Concerning the issue of well known FCC parents yielding the best offspring, that is not always true for a number of reasons. Firstly there is the issue of line breeding and award perception/fashion versus actual species characteristics (if you are buying a species for the beauty of the species, or award characteristics, they are not always the same thing. There are a lot of spicerianum and charleswothii arround which do not resemble the actual species anymore). Secondly there are a large pool of great plants out there which have not been put up for award, and would most certainly get awards if they were submitted, many of these have got clonal names like 'Chen', 'Fred's Best' and '#106'. Then there are many plants which have a lower award clasification, but breed better than those with higher awards. Having said all this, yes, progeny from superior parents will on average be better than progeny from inferior parents. But that is not always guaranteed, as genetic expression is more complex than good parent x good parent = good offspring.


----------



## emydura (May 17, 2013)

Trithor said:


> Concerning the issue of well known FCC parents yielding the best offspring, that is not always true for a number of reasons. Firstly there is the issue of line breeding and award perception/fashion versus actual species characteristics (if you are buying a species for the beauty of the species, or award characteristics, they are not always the same thing. There are a lot of spicerianum and charleswothii arround which do not resemble the actual species anymore). Secondly there are a large pool of great plants out there which have not been put up for award, and would most certainly get awards if they were submitted, many of these have got clonal names like 'Chen', 'Fred's Best' and '#106'. Then there are many plants which have a lower award clasification, but breed better than those with higher awards. Having said all this, yes, progeny from superior parents will on average be better than progeny from inferior parents. But that is not always guaranteed, as genetic expression is more complex than good parent x good parent = good offspring.

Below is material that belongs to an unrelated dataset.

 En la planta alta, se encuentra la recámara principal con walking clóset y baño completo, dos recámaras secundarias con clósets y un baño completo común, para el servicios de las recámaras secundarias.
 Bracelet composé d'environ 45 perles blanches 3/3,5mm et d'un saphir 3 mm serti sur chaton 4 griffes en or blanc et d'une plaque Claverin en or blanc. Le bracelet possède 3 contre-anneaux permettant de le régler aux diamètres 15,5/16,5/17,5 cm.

I don't disagree with any of that. But you explain why it is important to check out the parents used in the breeding. If you don't want a line bred spicerianum with a flat dorsal, check out the parents that are used. None of the roth seedlings I ordered were produced with awarded parents. But I did check out the photos of the parents to ensure they had traits I liked. As you say this doesn't guarantee I will get plants I like. But flowering seedlings is a probability game. If the parents are high quality or contain traits you like, you increase the odds in your favour. If you just buy seedlings ignorant of the breeding, it is a complete lucky dip.


----------



## SlipperKing (May 17, 2013)

With all of that said. the only real way to increase your odds of getting a great plant (in your eyes) is to buy quanity! Buy lot and lot of roths!


----------



## emydura (May 17, 2013)

SlipperKing said:


> With all of that said. the only real way to increase your odds of getting a great plant (in your eyes) is to buy quanity! Buy lot and lot of roths!



Or just fork out the money and buy a top clone. You should be able to afford a MM division Rick.


----------



## Trithor (May 17, 2013)

SlipperKing said:


> With all of that said. the only real way to increase your odds of getting a great plant (in your eyes) is to buy quanity! Buy lot and lot of roths!

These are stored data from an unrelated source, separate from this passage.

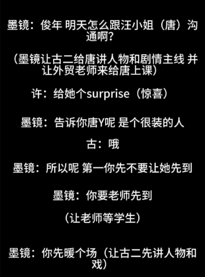 王家卫私下评价其“很装”,指示团队让授课老师提前到场暖场,刻意延迟唐嫣抵达时间以制造心理压力。@志斌叔叔16
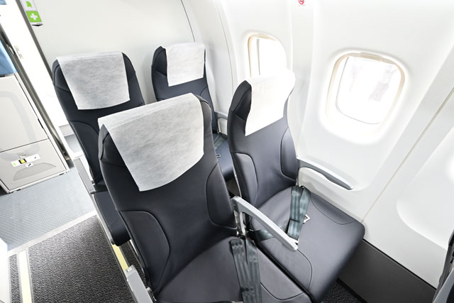 シートピッチが32インチで通常より広いトキエアの3号機ATR42の前方席=25年4月24日 PHOTO: Daigo TAKENOBU/Aviation Wire
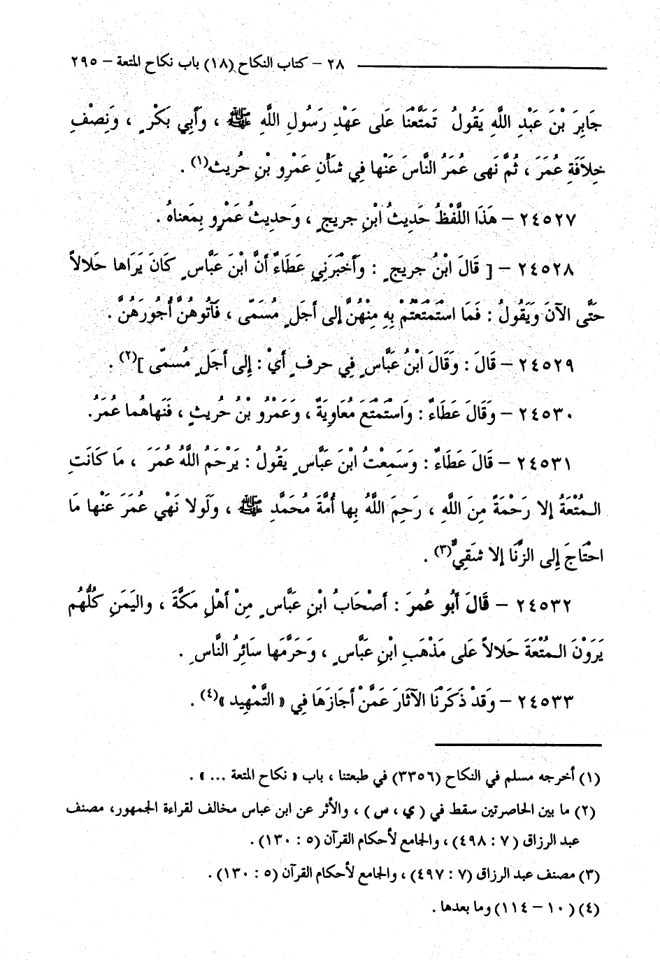 24528 - قَالَ ابْنُ جُرَيْجٍ: وَأَخْبَرَنِي عَطَاءٌ أَنَّ ابْنَ عَبَّاسٍ كَانَ يَرَاهَا حَلَالًا حَتَّى الْآنَ وَيَقُولُ: فَمَا اسْتَمْتَعْتُمْ بِهِ مِنْهُنَّ إِلَى أَجَلٍ مُسَمًّى، فَأْتُوهُنَّ أُجُورَهُنَّ.

Yup, that is the bottom line


----------



## Trithor (May 17, 2013)

Errr? David, which part of eveything do you not agree with?
That Paul Phillips knows quite a lot about the MM clone and the roths arround at the time?
That a number of species which have been line bred are very different from the wild species?
That there are a number of unawarded clones of plants in collections that have not been put forward for award, but if they were, they would be given awards
That #106 is a superior clone
That good parents do not nessesarily guarantee a superior seedling
or that non of the above are true?
I never suggested to buy blind, I merely pointed out that just because a clone is unknown to you, does not mean that it is bad, and that offspring are pretty much 'lucky dip' at the best of times, as Rick points out, the only real way to be reasonably certain of getting a good clone is to buy a lot of them (and yes I agree with you, preferably from good breeding lines, as that will give you a better chance of that great clone)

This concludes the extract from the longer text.